Finding Freedom in the Parting of the Ways

Interrogating the Center

The best way to explain it is to work our way backward. If you look at highways, they followed two-lane roads. Two-lane roads followed dirt roads. Dirt roads followed the white man’s trail. The white man’s trail followed the Indian’s trail. Indians followed the animals. Animals followed water. Animals are the original trailblazers. The white man gets all the credit for ‘discovering’ the trails, but that couldn’t be more inaccurate. They simply followed along well-established routes that had been traveled on for probably hundreds of years. Who knows, maybe thousands.



This is how the man with a mustache, Shaw answered my questions, “How was the Oregon trail created? How did the emigrants decide which way to go?” He works for the Wyoming State Park Service at the National Historic Trails Interpretive Center in Casper Wyoming. The center is situated high on a hill looking down at the city center laid out like a grid. The Casper Mountains are beyond, and the Snake River runs through town. The walkway leading to the center is embedded with quotes from emigrant’s diary entries from the mid 1800’s. The unrelenting wind is the subject of several of the quotes, and the main character of my day so far.

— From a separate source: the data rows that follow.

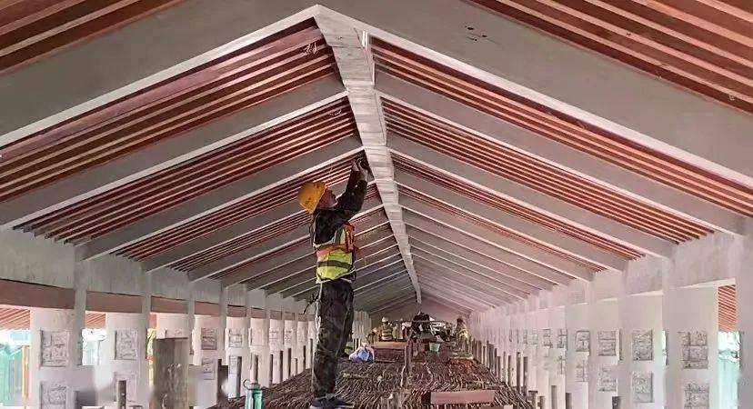 医圣广场两侧,是中轴线上的东西医圣廊桥。长长的廊桥内,石柱与木制顶棚营造出一种颇有意境的纵深感,工人们正在脚手架上对顶棚刮腻子。朝圣广场北侧,是医圣文化园主体场馆——国家中医药博物馆医圣馆。这座高51.2米、总建筑面积30500平方米的重量级建筑看上去宏伟气派,将是未来国内最大的中医药博物馆。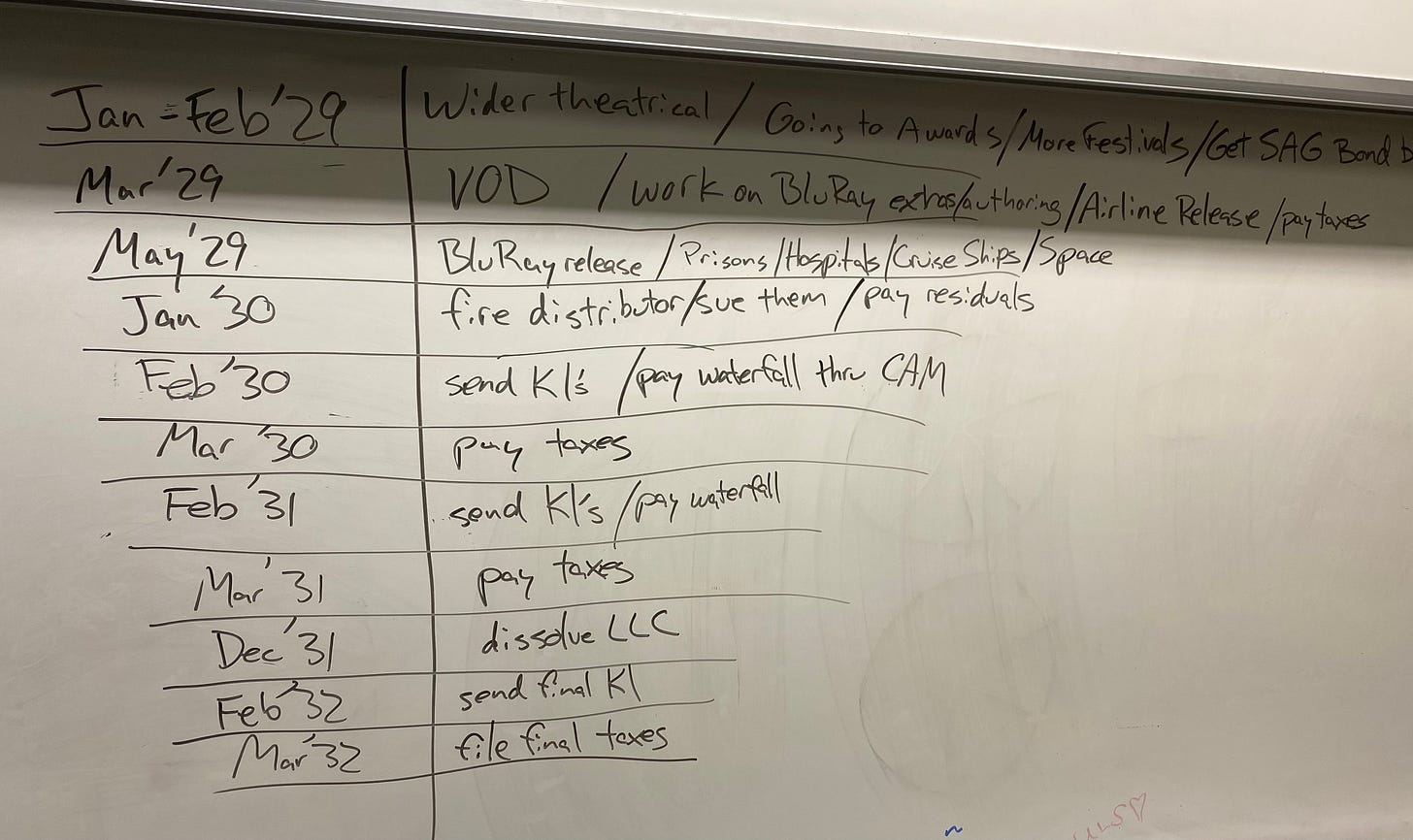 In our little example, from screenwriting to filing final taxes takes at least 8 years. And believe me, if we’d had more white boards, we easily could have extended this schedule another 8-30 years with everything from archiving, getting new distribution, suing that distributor, other IP exploitation (it’s a play! it’s a graphic novel!), re-releasing on some fancy new digital platform (Google contact lenses!), retrospective screenings, tracking down investors’ heirs, securing your own heirs, etc.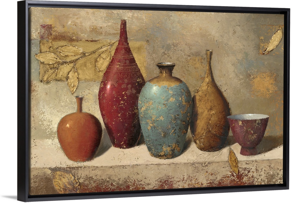 <p>Decorative artwork for the home of different size vases sitting on a stone ledge with golden leaves painted around them.</p>
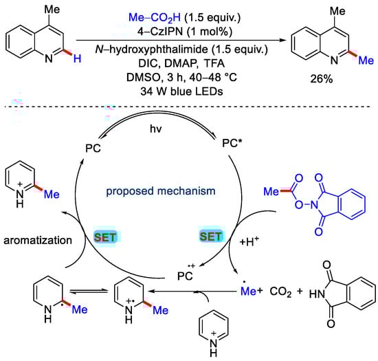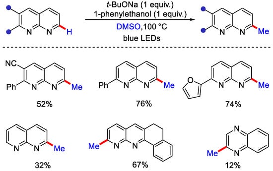 - McCallum, T.; Pitre, S.P.; Morin, M.; Scaiano, J.C.; Barriault, L. The Photochemical Alkylation and Reduction of Heteroarenes. Chem. Sci. 2017, 8, 7412–7418. [Google Scholar] [CrossRef] [Green Version]

I have visited many interpretive centers before, and all have had a white-centric point-of-view. I was used to seeing indigenous peoples described as “primitive” or “savage,” and white settlers as “pioneers” who were “brave” or “heroic.” I expected to find the same in this center, and was quickly proven wrong. My own prejudices actually almost prevented me going to the center because of an internal dialogue that sounded something like, “Meh, I already know what’s going to be in there. White men rule, and the Indians deserved slaughter, blah, blah, blah.”

I was flat out wrong. This center is devoted to displaying a history of the area that predates the mass migration west by hundreds of years, and how utterly disruptive the move west was for all native tribes, and utterly devastating to buffalo populations. Somewhere between 400,000 and 500,000 people migrated west along the Oregon, California and Mormon trails. Roughly 10% died along the journey, and almost all of those deaths were due to disease, undernourishment, and river crossing drowning. There were fights with native peoples, but nowhere near to the extent as the racist stereotype suggests.